FdP: Erinnerungen an den ersten Auftritt? DT: Unsere allerersten Liveerfahrungen haben wir beim Karnevalsumzug im Nachbarort gemacht, wo wir auf der Ladefläche eines Transporters gespielt haben. Der erste richtige Auftritt war im Rahmen eines Schulbandfestivals. Wir waren alle extrem aufgeregt und haben jede Möglichkeit genutzt, uns auf der Bühne möglichst gut zu verstecken. Damals waren wir auch ehrlich gesagt echt schlecht, aber trotzdem stolz.
FdP: Und bei Eurem bislang außergewöhnlichstem Gig… DT: Haben wir auf einem Eierhof gespielt, wo teilweise direkt vor der Bühne und teils im Pit Hühner umher liefen. In der Nacht vorher hatte es stark geregnet, sodass der Pfad zur Bühne eine einzige Schlammrinne war. Glücklicherweise hatten die Veranstalter einen Traktor organisiert, der uns dann mit unseren Instrumenten zur Location gefahren hat.

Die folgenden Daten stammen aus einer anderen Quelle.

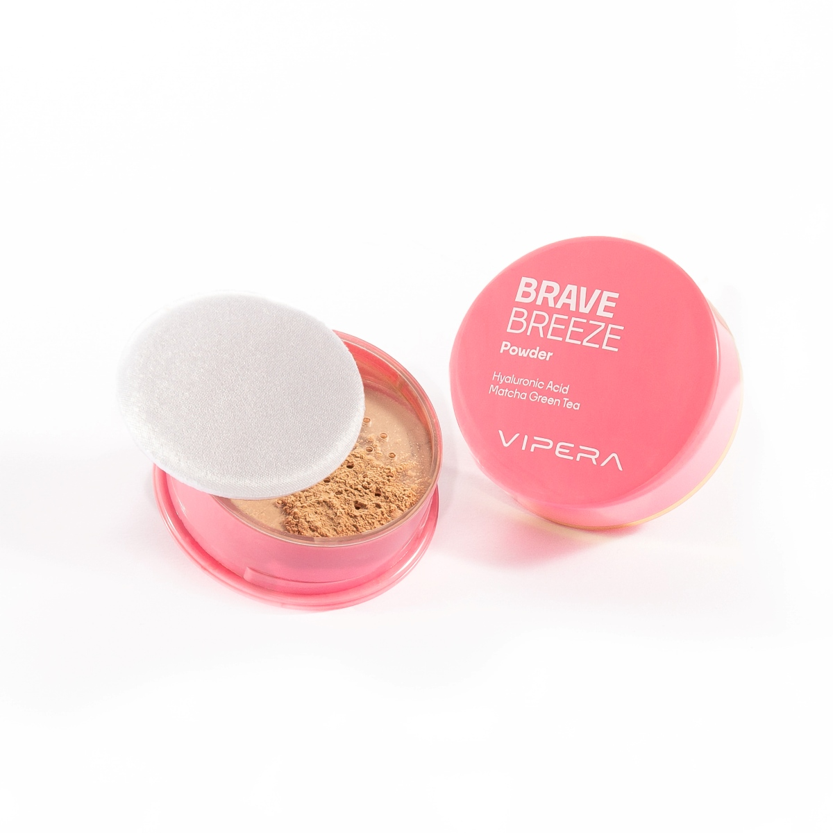 Pielęgnacyjny puder sypki BRAVE BREEZE o przyjemnym, zapachu Matcha Green Tea. Oddychająca, lekka formuła BRAVE BREEZE idealnie wtapia się w skórę, matuje ją i wygładza, nie dając uczucia obciążenia. Lekko tonujący neutralny, beżowy odcień szczególnie polecany do średniej jasności cery. Subtelnie utrwala makijaż i zapewnia świeży, naturalny wygląd przez cały dzień.

FdP: Wie läuft bei euch so ein Tourwochenende hinter den Kulissen ab? DT: Unterwegs passieren die komischsten Dinge. Mal findet man sich mit einer befreundeten Band und einem Bier in der Hand in der Sauna wieder, manchmal diskutieren wir, ob es eine gute Idee ist, aus dem fahrenden Auto zu pinkeln, weil jemand echt dringend muss, aber kein Parkplatz weit und breit zu finden ist. Und dann isst man zusammen um 3 Uhr nachts eine Pizza, die eins zu eins nach Knete schmeckt. Im Auto haben wir da noch nicht gepennt, öfter in mehr oder weniger ranzigen Kellern und Proberäumen. Wir freuen uns eigentlich immer, wenn eine Matratze da ist.

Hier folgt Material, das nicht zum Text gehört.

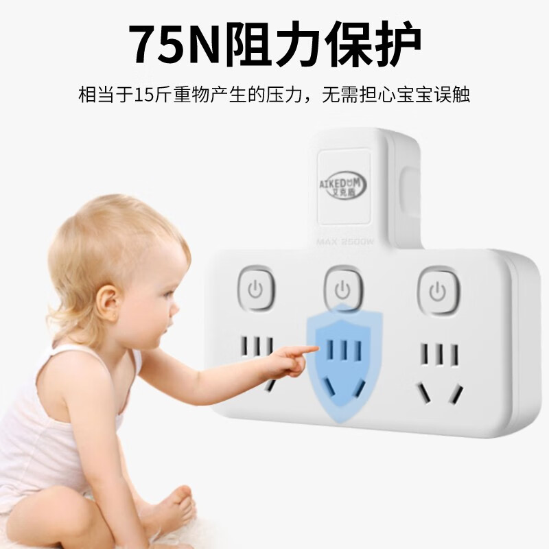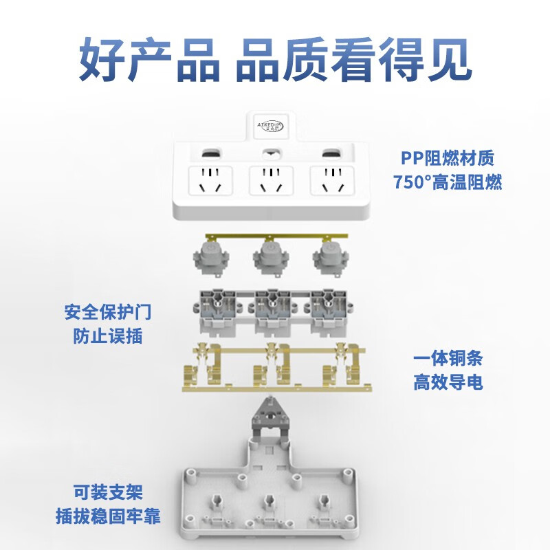全氟己酮灭火颗粒,750℃高温阻燃,PP阻燃材料,符合国家灼热丝检测标准,离火即灭。独立开关,一对一控制,每个插口可独立控制通断电。保护门升级,75N阻力保护,相当于15斤重物产生的压力,无需担心宝宝误触。线芯加粗33%,横截面增大,电流更稳定,输电损耗更少,导电更安全。

FdP: Wo würdet ihr gern mal auftreten? DT: Ein Festival, das wir sehr ins Herz geschlossen haben, ist das Nig Rock bei Bremerhaven. Wir haben 2023 dort gespielt und die liebenswerte, extrem motivierte Orgagruppe kennengelernt. Das Festival ist von Schülern, Lehrern und Ehemaligen des dortigen Internats organisiert und man merkt wirklich, dass es mit Liebe gestaltet wird. Generell freuen wir uns immer sehr auf Events spielen zu dürfen, die von und für jungen Menschen mit viel Herz und Enthusiasmus organisiert werden.“
FdP: Was steht für 2025 an? DT: Wo ihr uns im kommenden Jahr sehen könnt, verraten wir bald – wir haben viel vor – nicht nur Livekonzerte sondern auch einiges anderes. Auch wenn Social Media generell ein schwieriges Thema ist, so hilft es uns sehr, präsent zu sein und direkt miteinander kommunizieren zu können: Daher folgt uns gerne auf unseren Kanälen. Bei https://hyperfollow.com/dorfterror gibt’s eine gute Übersicht. Wir würden uns sehr freuen euch live zu sehen!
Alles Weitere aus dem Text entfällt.